Salt Lake City’s luxury threshold is $1,247,767, essentially at the national benchmark and 24% below Providence’s. Despite its reputation as one of the fastest-growing technology economies in the country, the Wasatch Front has not yet produced the same luxury price stratification seen in other major tech metros.
That gap is a relatively recent development. Through much of the pandemic era, the two markets tracked closely, and by mid-2022, their luxury entry points had converged to within $45,000 of each other. The divergence that followed is largely a function of shifts in buyer composition in response to markedly different supply trends and new construction activity in the Salt Lake City metro.
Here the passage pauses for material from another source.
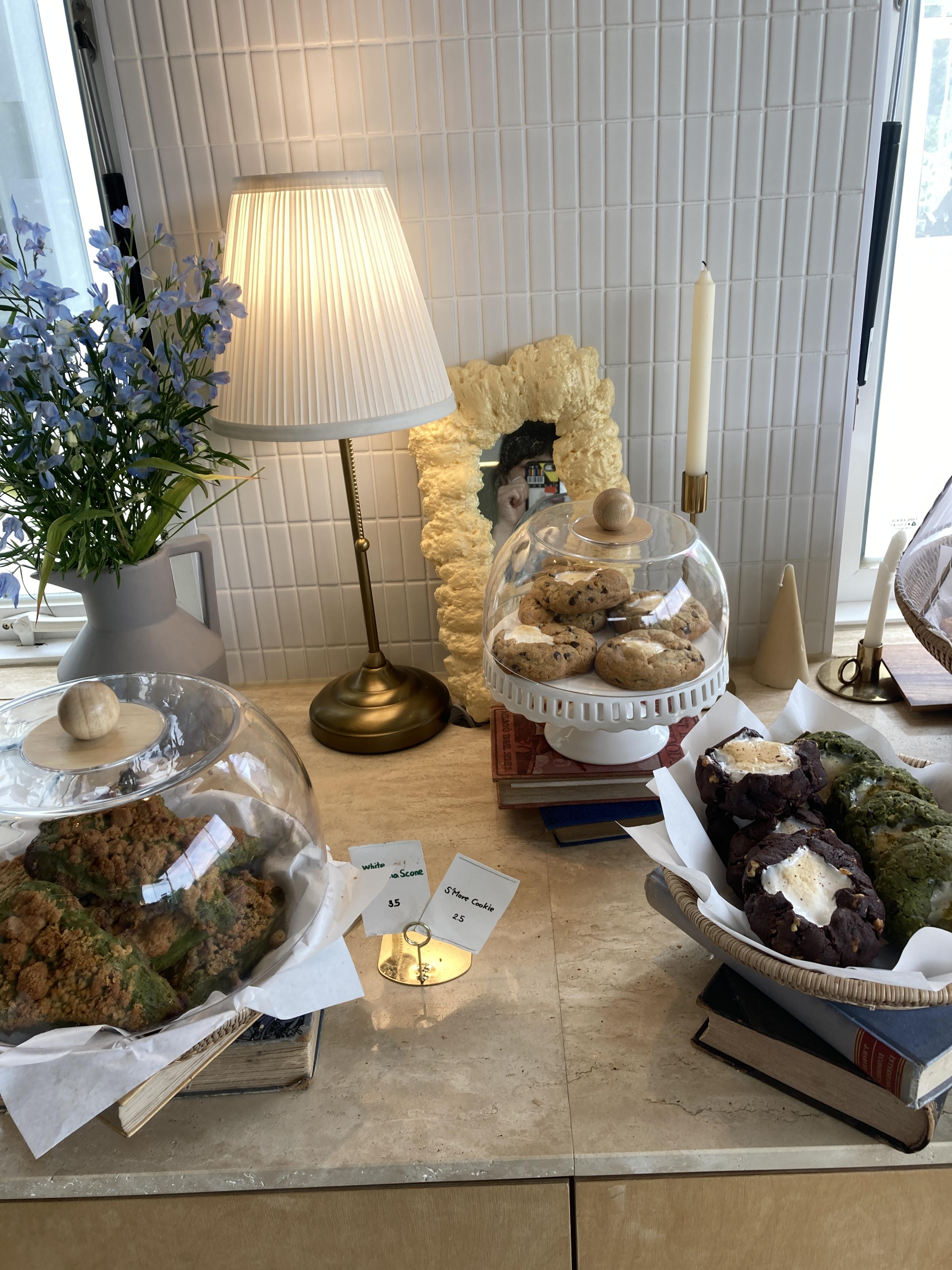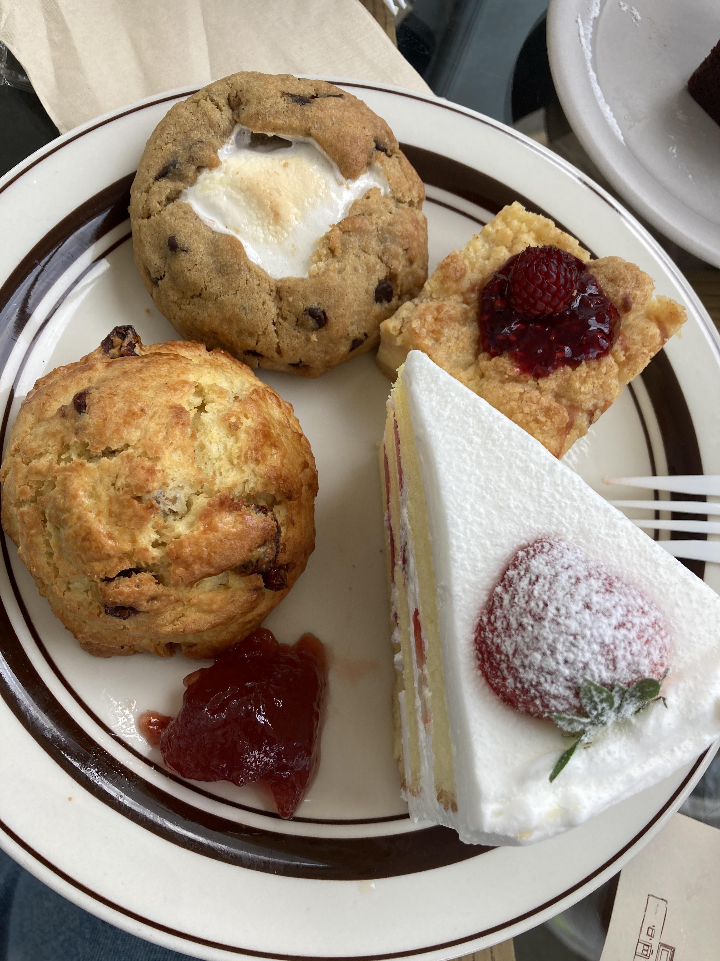 디저트는 크랜베리 스콘, 초코칩 스모어 쿠키, 치즈 케이크, 딸기 생크림 케이크, 초코 파운드케이크 이렇게 시켰어요.

Salt Lake City’s luxury market showed greater rate sensitivity when mortgage costs climbed through 2022. Transaction-level financing data is unavailable for Utah, a non-disclosure state, but the market’s price trajectory gives some insight. Unlike Providence, where coastal geography and historic preservation districts cap new development, Salt Lake City has meaningful room to build, with developable land to the south and west of the metro supporting a continued pipeline of new construction. As the 30-year mortgage rate crossed 5% in April 2022, then 6% by September, and 7% by October, the buyer pool contracted. Salt Lake City, with that supply capacity available, experienced the price recalibration typical of supply-elastic markets. Within months of that rate climb, the gap between the two metros had widened to nearly $180,000, with Salt Lake City pulling back toward the national benchmark, where it has since remained.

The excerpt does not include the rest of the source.